アーカイブ

令使者の口上と結納品受け渡しのあいさつ

両家では、当日は家の内外を掃き清めて結納品を座敷の床の間に飾り、家族書、親族書も片木盆にのせてかたわらに置きます。床の開にはめでたい図柄の掛け軸をかけて花を活けておき、本人、両親は服装をととのえて使者(多くの場合、仲人)の到着を待ちます。仲人はまず、男性側の家に赴きます。使者が到着したら本人と両親は玄関まで出迎え、座敷へ招じ入れます。席についてからの使者と男性側とのあいさつは、つぎのように行なわれます。使者「本日はお日がらもよろしく、まことにおめでとうございます。ご両家のご婚約がめでたく相ととのいまして、おめでとうございます」父親または本人「本日は、お忙しいところをまことにご苦労さまでございます。

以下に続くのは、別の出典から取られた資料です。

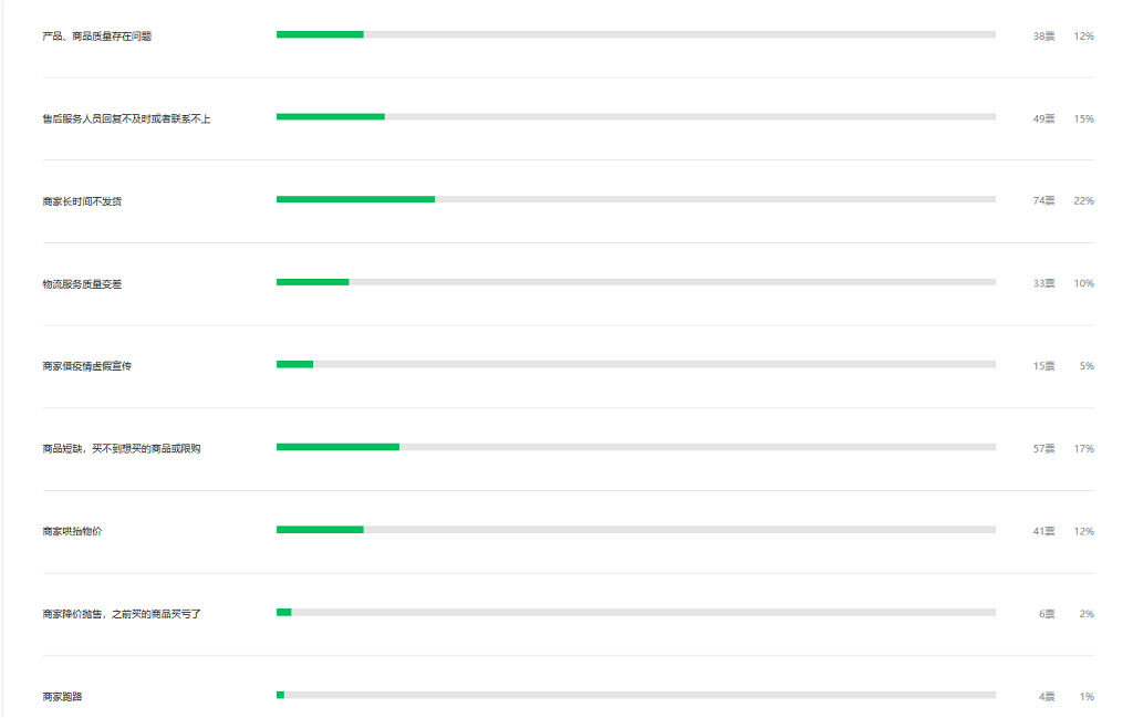 不少市民表示,疫情期間“在線消費(fèi)”遇到過問題。其中,長時間不發(fā)貨、因商品短缺或限購買不到商品、售后服務(wù)人員回復(fù)不及時或聯(lián)系不上位列市民消費(fèi)不滿意榜前三;而商品質(zhì)量存在問題、商家哄抬物價(jià)則并列消費(fèi)不滿意榜第四。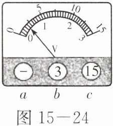4. 李明同学在一次实验中,用有3V和15V两个量程的电压表测电压时,电压表的“-”接线柱已接入电路。在用15V量程试触时,指针位置如图15-24所示。下一步的实验操作应该是(

どうぞ万事よろしくお願いいたします」桜湯などを出したあと、結納品をのせた台(献上台)を使者の前に置き、父親または本人「しるしばかりの結納でございますか、○○家(女性側)へお届けのほどをお願い申しあげます」使者「かしこまりました。ただ今からお届けにまいります」使者は結納品を包んで席を立ち、女性側の家へ向かいます。